Evaluation using LDCT IQA
Prerequisite
This example assumes you have:
- the package
ldct-benchmark
installed - the LDCT dataset downloaded to a folder
path/to/ldct-data
- The environment variable
LDCTBENCH_DATAFOLDER
set to that folder
Please refer to Getting Started for instructions on how to do these steps.
Besides the standard full-reference IQA metrics (SSIM, PSNR, VIF), we also support evaluation using a specialized model for no-reference perceptual image quality assessment of low-dose CT images. This model was the winning entry (agaldran1) of the Low-dose Computed Tomography Perceptual Image Quality Assessment Grand Challenge 20232 which was organized in conjunction with MICCAI 2023.
The aim of the challenge was to develop no-reference IQA methods that correlate well with scores provided by radiologists. To this end, the organizers generated a total of 1500 (1000 train, 200 val, 300 test) images of various quality by introducing noise and streak artifacts into routine-dose abdominal CT images. Resulting images were rated by radiologists on a five-point Likert scale and their mean score was used as the ground truth.
The five-point Likert scale was defined as follows (see Table 1 in the paper2):
Numeric score | Verbal descriptive scale | Diagnostic quality criteria |
---|---|---|
0 | Bad | Desired features are not shown |
1 | Poor | Diagnostic interpretation is impossible |
2 | Fair | Images are suitable for limited clinical interpretation |
3 | Good | Images are suitable for diagnostic interpretation |
4 | Excellent | The anatomical structure is evident |
Given some CT image, the model predicts a score in the range [0, 4]

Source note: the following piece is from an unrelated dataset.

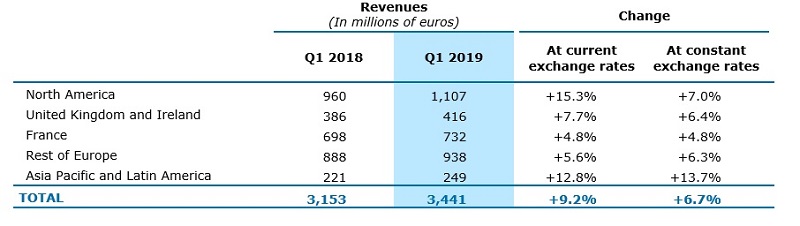 Paris, April 25, 2019 – Capgemini Group achieved consolidated revenues of €3,441 million in the first quarter of 2019, up 6.7% year-on-year at constant exchange rates*.

(with increments of 0.2) on above scale.
Use with out-of-distribution (OOD) data
Be aware that any evaluation using this model will most likely be an OOD setting and predicted scores should be interpreted with caution. The model was
- trained only using abodminal CT images. However, the paper2 performs some experiments using a clinical head CT dataset, to evaluate the methods generalization capabilities.
- trained on four distinct noise levels only. These noise levels may not be representative of your data.
- not trained on denoised images at all. It has only seen routine-dose images and various distorted versions thereof. It remains unclear how well the model generalizes to denoised images.
Evaluate DICOMs using the LDCTIQA model
Let's evaluate a routine-dose and low-dose abdominal CT scan from the LDCT dataset using this LDCTIQA model (see ldctbench.evaluate.ldct_iqa.LDCTIQA for more details).
# Import libraries
import os
from importlib.resources import files
import numpy as np
import pydicom
from ldctbench.evaluate import LDCTIQA
from ldctbench.utils import load_yaml
# Get abdominal patient from test set
info = load_yaml(files("ldctbench.data").joinpath("info.yml"))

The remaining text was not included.